Bank of Montréal (BMO-T), BMO Covered Call Cdn Banks (ZWB-T) or US banks? Likes Cdn banks better than US banks. Our banks are solidly better quality right across the board. Banks have been weak lately and the index has pulled back to a major support. This one in particular, has pulled back to a level that is quite attractive plus it has a nice yield. However, hanging over the banks is the question of earnings and earnings growth, which is a real problem with this group of stocks.

BUY

Feels Cdn banks are cheaper relative to other Cdn dividend payers that are trading at about 11 or 12 times earnings. Their retail business pays their dividend and this business is pretty stable. Even with some of the worries about the housing market, Cdn banks have the top tier of the credit, so will be less impacted if there was a sustained problem in the Cdn housing market, which he doesn’t foresee happening. Dividend of about 4.5% and the growing.

BUY

(Market call minute.) Great yield. Earnings were okay. Canadian banks look cheap at these levels.

COMMENT

Has been a little bit range bound at around $62 and is above the upward trend line.

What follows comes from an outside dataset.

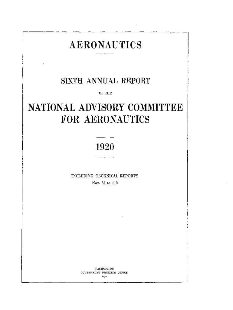 Get the free Sixth Annual Report of the National Advisory Committee for Aeronautics 1920 - ntrs nasa
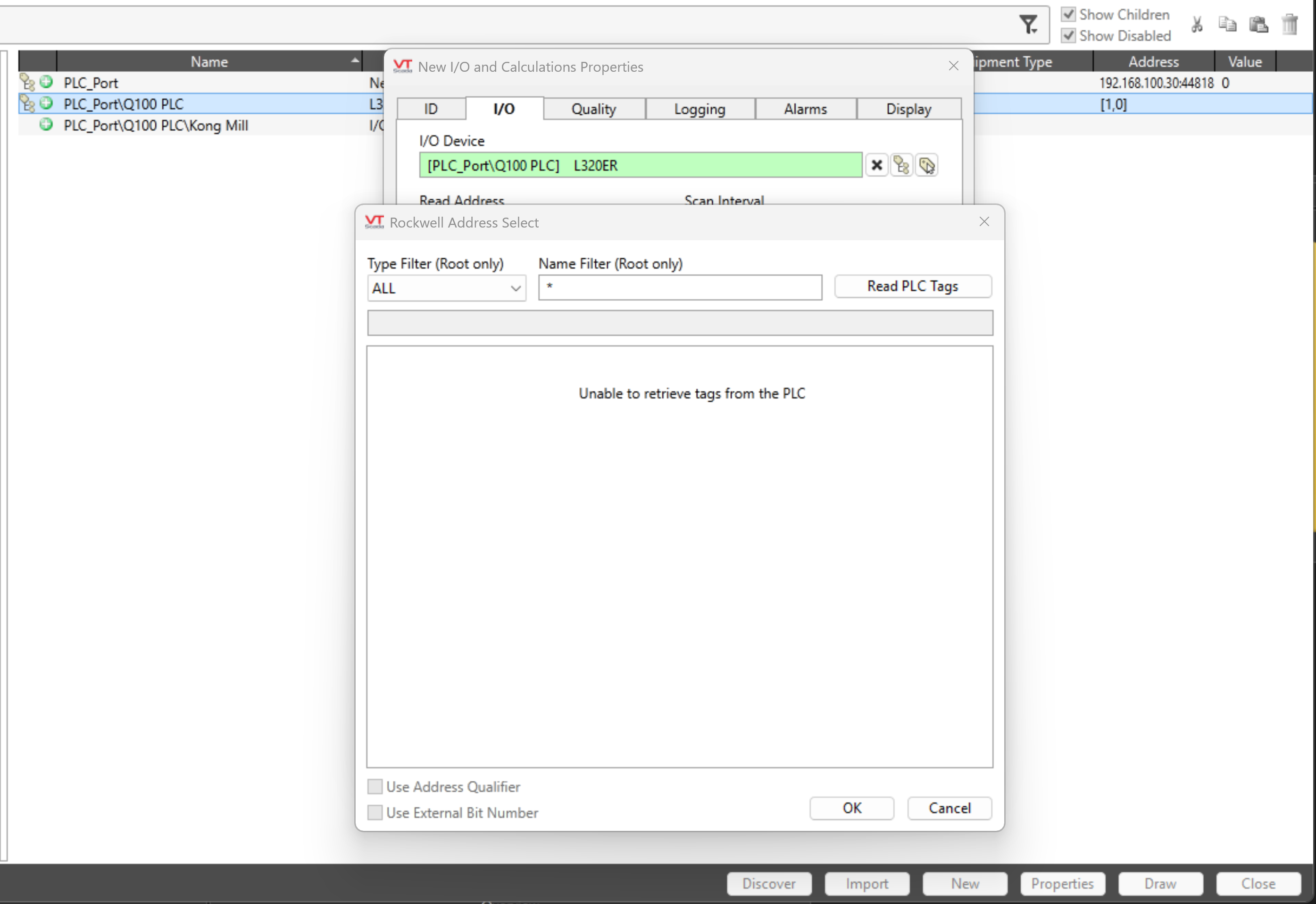 Also, when I try to set up tags individually, the application is unable to read from the PLC to choose the appropriate I/O.

Technically, it does not look good if it breaks down through $62. It does have a yield that is fairly high, which is helping it on the downside a little bit.

DON'T BUY

He prefers exposure in banks through US regional banks. Canadian banks offer attractive dividends and if you are looking for yield in your portfolio, this is typically been a big component of that. Canadian economy has a greater exposure of GDP through housing than the US had at the peak of their housing market. Believes that housing prices will go lower before they go higher. We are heavily levered as a country on a personal level, which will impact consumer spending and consumer loan growth for the banks.

COMMENT

Of all the banks, this is probably his least favourite because it has a relatively high PE and low relative profitability.